TheNewGateでは、社員のみんなから自慢の一枚を募る「フォトコンテスト」を定期的に開催しています。第4回のテーマは 「全国からお届け!〜みんなのホットスポット〜」。全37作品の頂点、最も票を集めて最優秀賞に輝いたのは・・・福岡branchの「ぬまさん」です!
テーマは"ホットスポット"でありながら、選ばれた一枚は、思わず息を止めてしまうような、"クール"で静かな光景でした。
受賞された撮影者に話を伺うと、そこには「離れて暮らしているからこそ、伝えたい」という、地元・岩手への大きな愛がありました。

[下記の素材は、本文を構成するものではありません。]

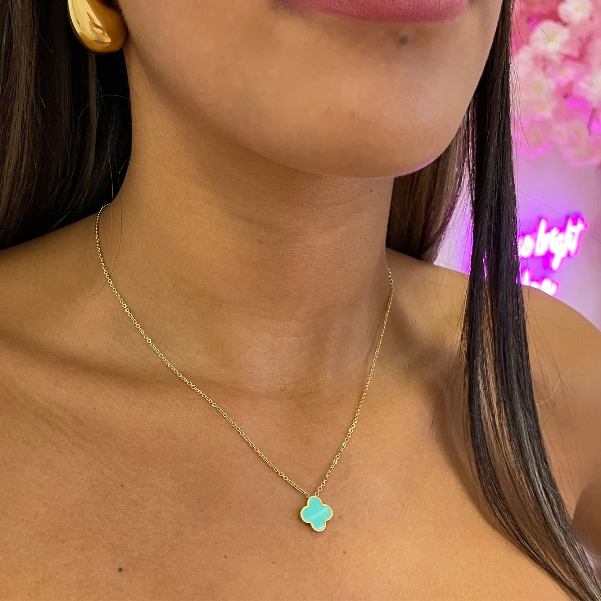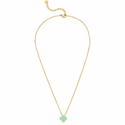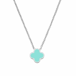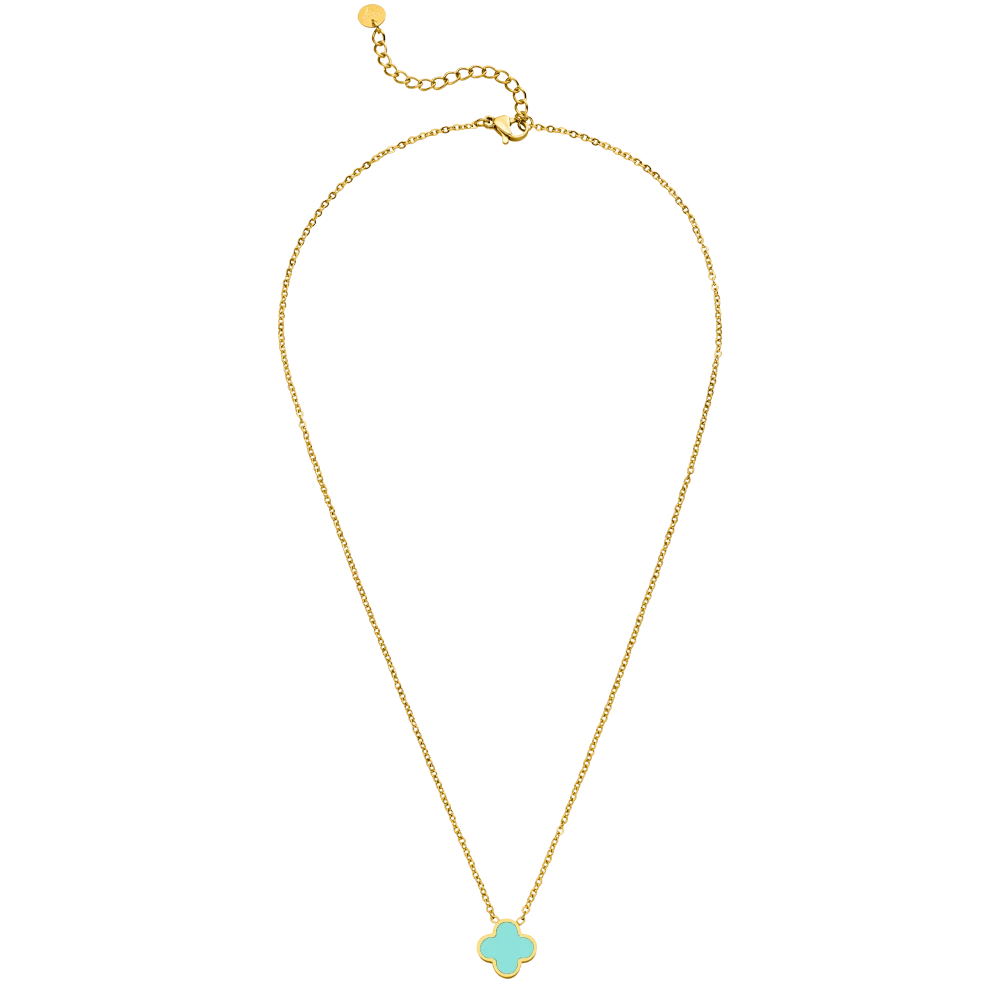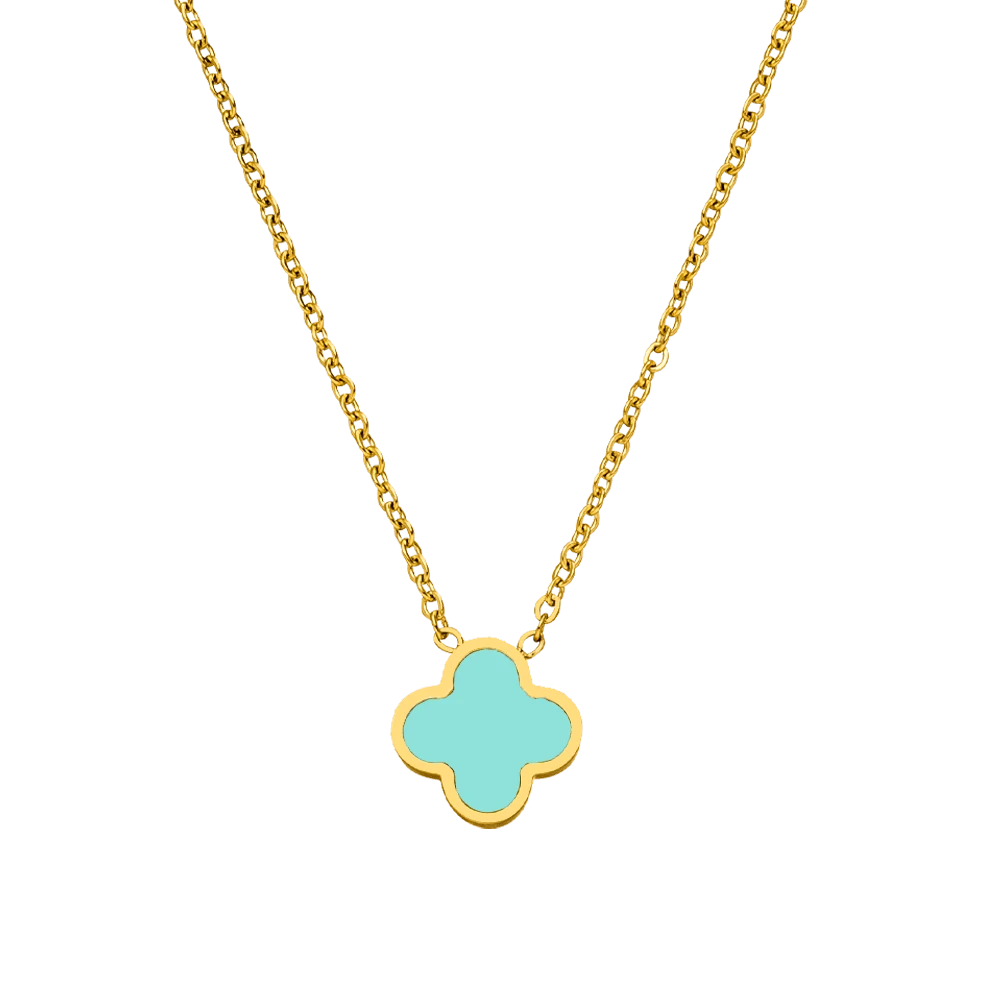 Unsere Ice Blue Clover Halskette ist einseitig mit einem Kleeblättchen in zartem eisblau bestückt. Diese schöne Kleeblättchen Kette für den Alltag, sorgt für ein elegantes Auftreten. Die Oberfläche glänzt dank der 18K Vergoldung bzw. der Hochglanz-Veredelung.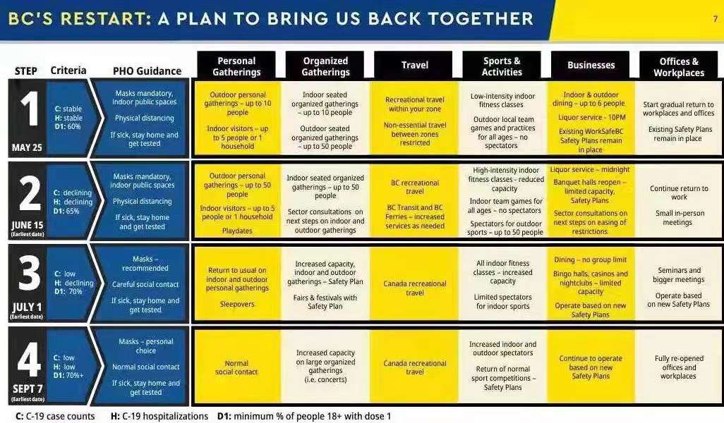 當(dāng)?shù)貢r(shí)間5月25日下午,BC省省長(zhǎng),首席衛(wèi)生官和BC衛(wèi)生廳長(zhǎng)共同宣布了本省的四階段解封計(jì)劃。根據(jù)省報(bào)“The Province”的最新報(bào)道,BC省在疫苗接種的道路上也是表現(xiàn)突出,目前有超過60%的成年人完成了第一劑疫苗的注射,BC省民有望在9月生活回歸正軌。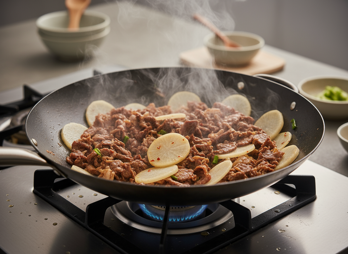 중불로 달군 냄비에 들기름 2스푼을 두르고, 키친타월로 핏물을 제거한 소고기를 넣어 달달 볶아줍니다. 소고기 겉면이 익으면서 고소한 냄새가 올라오면 나박 썬 무를 넣고 함께 볶아주세요. 무가 살짝 투명해질 때까지 볶아주면 무의 시원한 맛과 소고기의 감칠맛이 어우러져 국물 맛이 훨씬 깊어져요.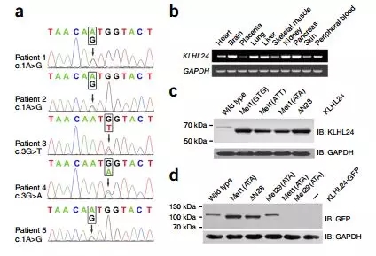 KLHL24突變位于起始密碼子區域,因而翻譯無法正常起始,猜測Met29可能作為另一翻譯起始位點。將攜帶正常KLHL24與KLHL24-∆N28質粒的轉染細胞分別裂解進行免疫印跡,均發現目的蛋白的對應條帶(KLHL24-∆N28; Fig. 1c)。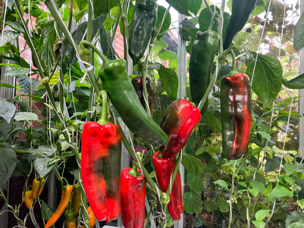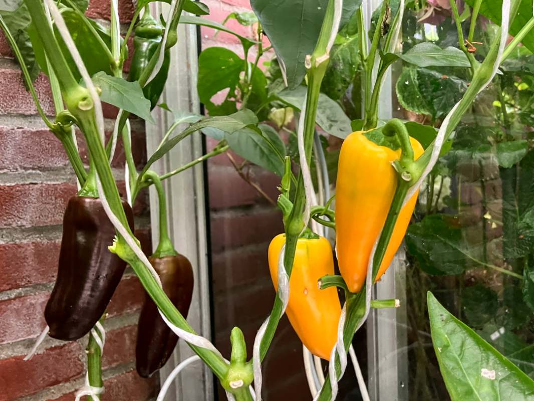 De puntpaprika's van Gitta wel, maar worden nog niet rood.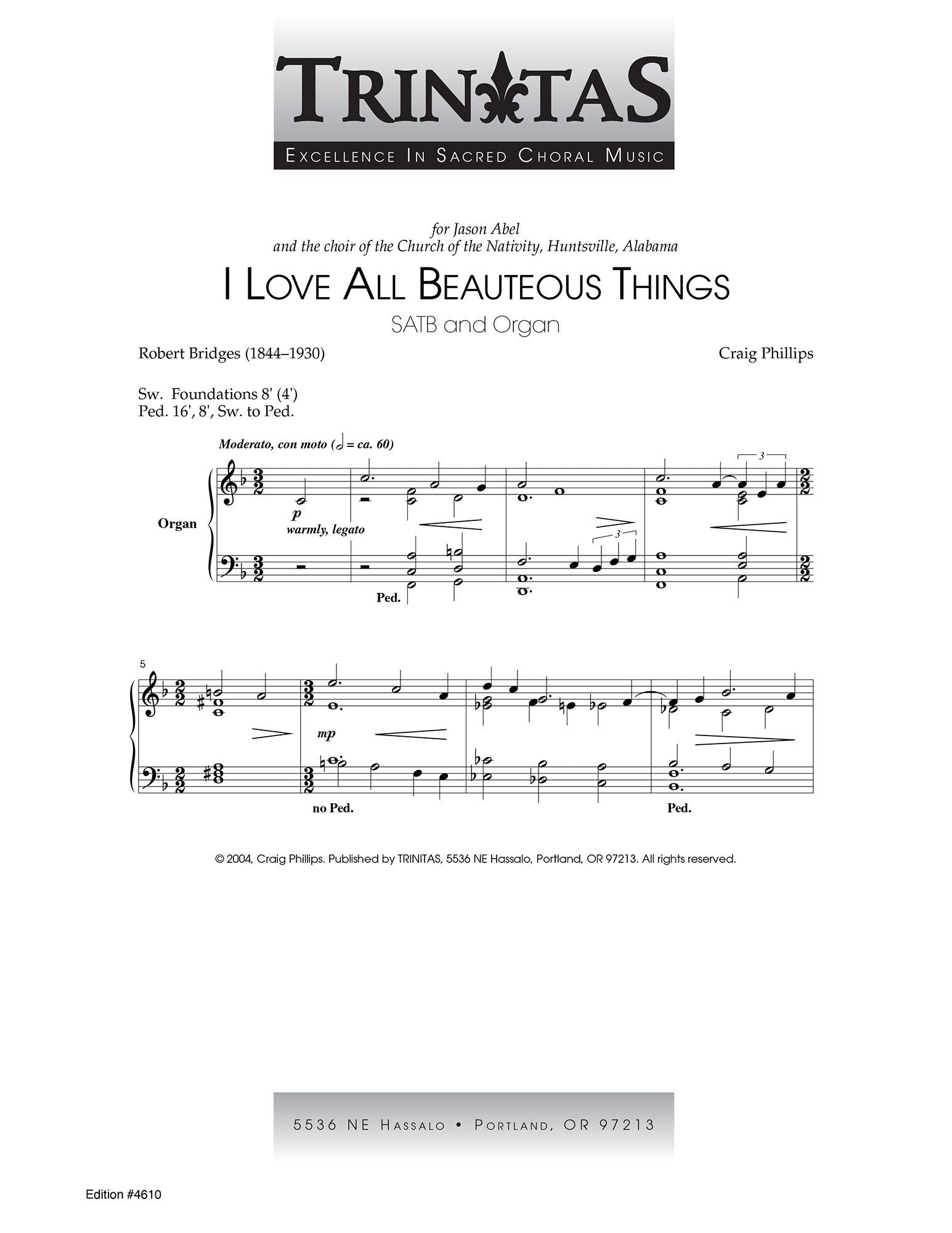 Robert Bridges_x0019_ poem on themes of Praise and Creation is set here for SATB choir and organ. By turns thoughtful, then exuberant, then returning to a quiet ending, this piece for the medium-to-advanced choir would be fitting for a reflective time during liturgy, or for concert use.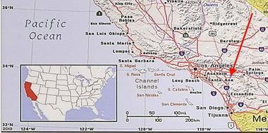 It is about 130 km east of Long Beach and 130 km north of San Diego.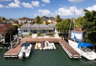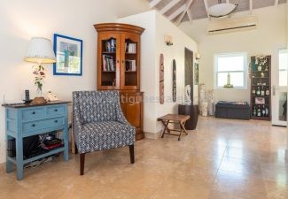 Mermaid’s Cove is an idyllic 3 bedroom, 3.5 bathroom harbour side home in Jolly Harbour. This pretty waterside retreat is conveniently built on one level with main residence, guest house and private dock. The generous terrace with a sheltered breakfast nook profits from the balmy Caribbean trade winds and is complemented by the carefully designed tropical landscaping that surrounds it.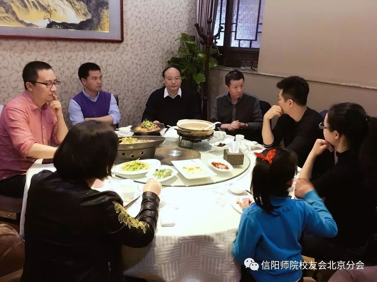 为落实母校校友办关于征集校友歌曲的公告,适逢河南新乡学院副校长、新乡校友会长、80级中文杨士斌校友来京学习,三月十八日晚十九时开始,北京校友会校友主题歌曲创作组召开第一次讨论会同时招待杨士斌校友。北京校友会会长唐超,中国十大男高之一、中国歌舞剧院主演、创作组组长毋攀,校友会理事刘欣欣、陈荣显,创作组成员包守静、申晓枫、张韧出席了宴会。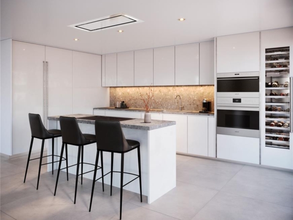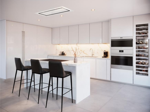 Refined interiors by Palacios enhance this gracious space, crafted with elegant finishes and modern details as well as integrated smart home features. The gourmet kitchen is custom-designed by Italian luxury brand, Boffi, featuring quartzite countertops, an oversized island, and is fully equipped with luxurious Sub-Zero and Wolf appliances that include a fully integrated refrigerator and freezer, five-burner cooktop, integrated dishwasher, wall oven, and wine refrigerator. For an added level of personalization, these kitchens are customizable, offering three different finish options to choose from.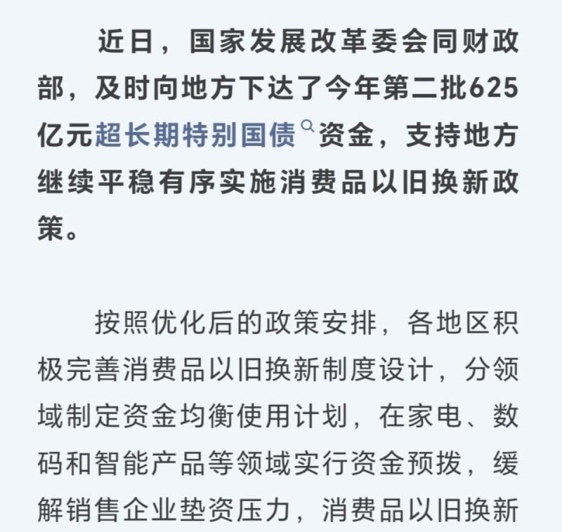 “国补”继续!第二批625亿元资金下达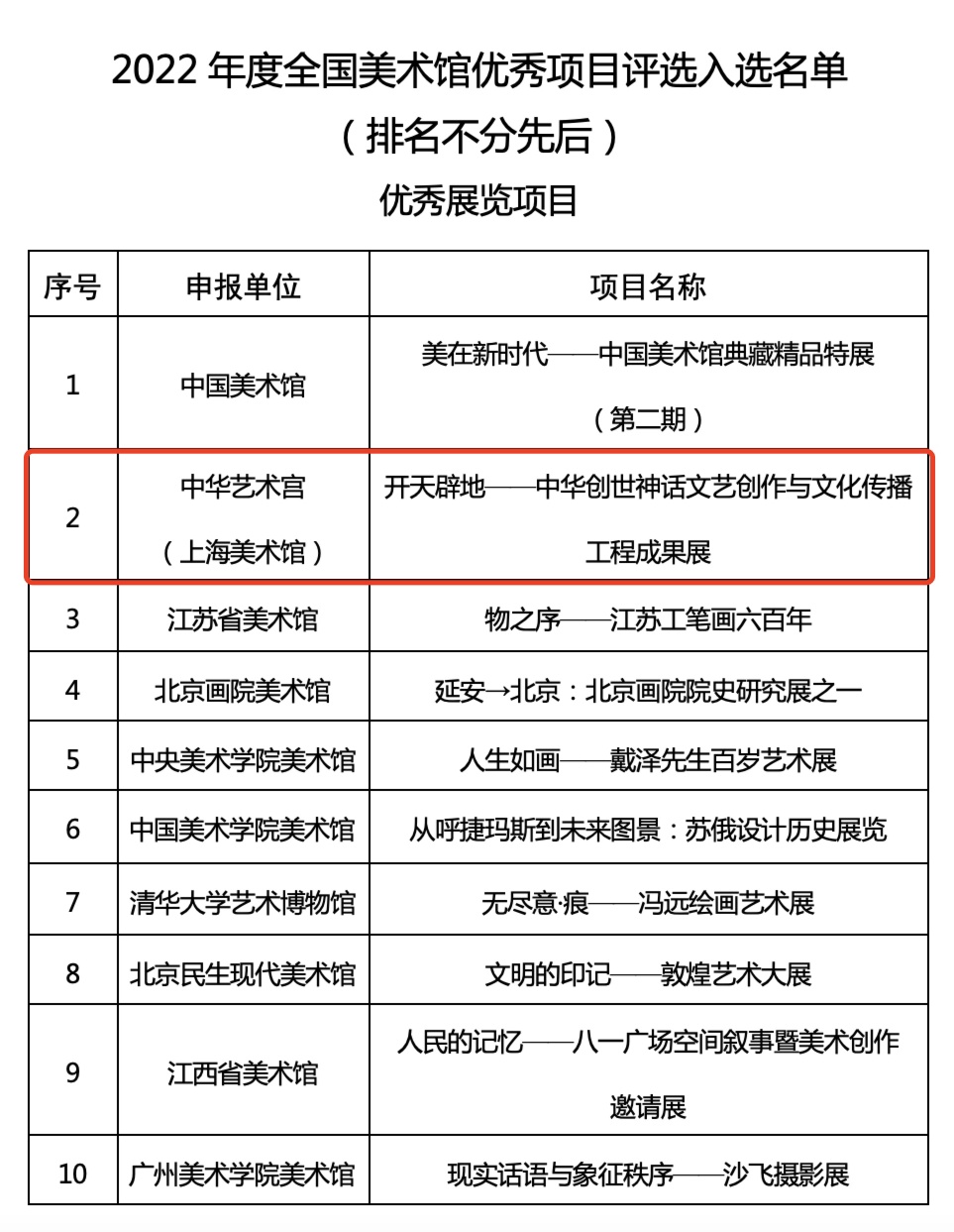 近日,文化和旅游部艺术司公布了2022年度全国美术馆优秀项目名单,中华艺术宫(上海美术馆)“开天辟地——中华创世神话文艺创作与文化传播工程”成果展项目成功入选。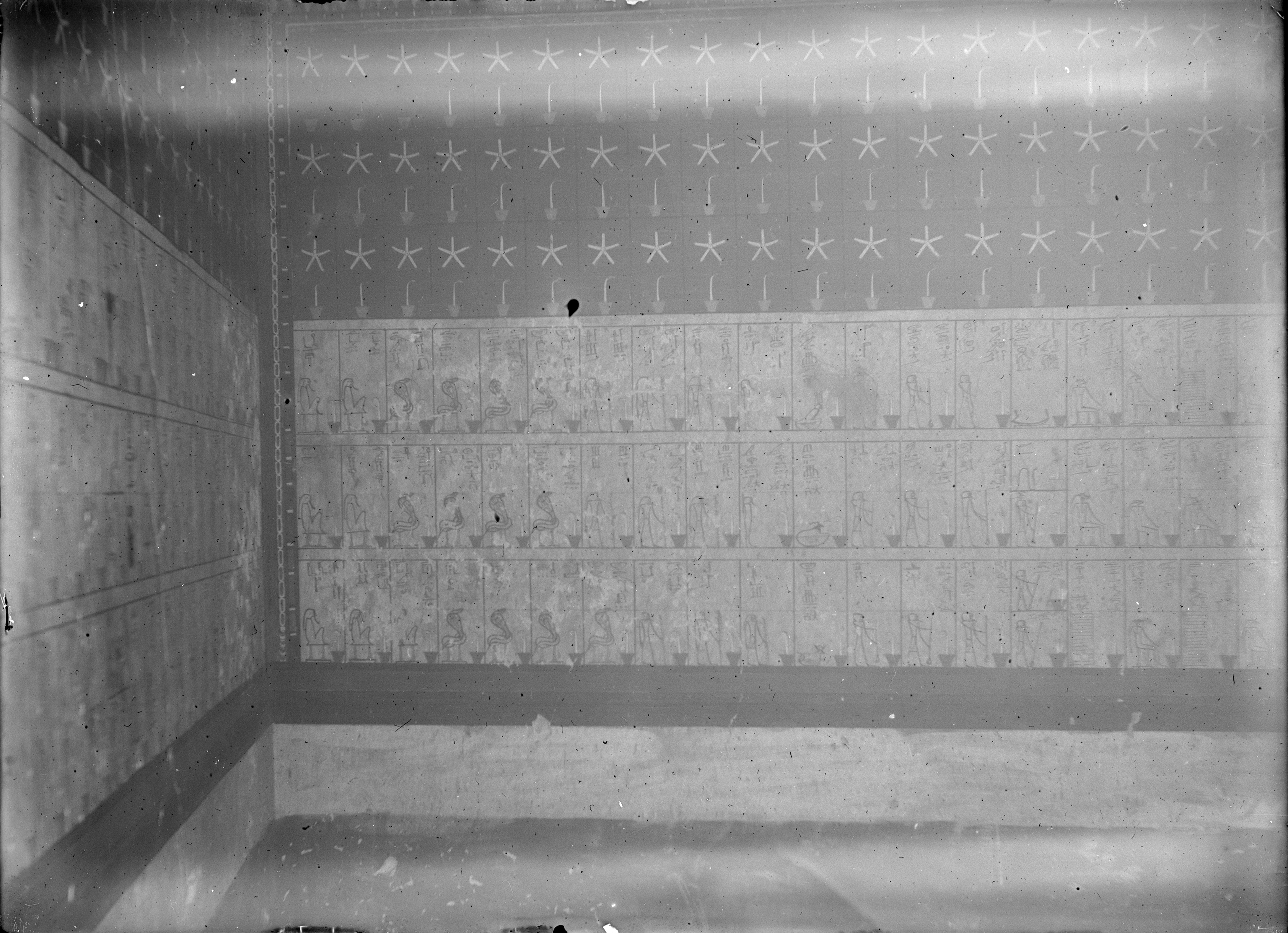 1898. Biban-el-molouk. Tombe de Thoutmès III. 1ère salle Publié le 01/06/2018 à 3367 × 2439 dans Galerie d’images 1898 – Biban-el-molouk. Tombe de Thoutmès III. 1ère salle – VdR39 Paroi de la chambre aux 740 divinités

岩手には、素敵な景色や写真映えもばっちりな海鮮グルメ、そしてあの有名なアニメの聖地も・・・!?
読み終わる頃には、岩手に旅してみたいときっと思うはずです。
岩手の魅力がギュッと詰まっていますので、ぜひ最後までお付き合いください!
ー 最優秀賞、本当におめでとうございます!知らせを受け取ったとき、どんな気持ちでしたか?
ありがとうございます!ちょうどお休みの日で、買い物中にSlackの通知を見たんですが、「最優秀賞」っていう文字が目に入って、その場で数秒固まっちゃいました。嬉しいけど、どうしよう・・・って!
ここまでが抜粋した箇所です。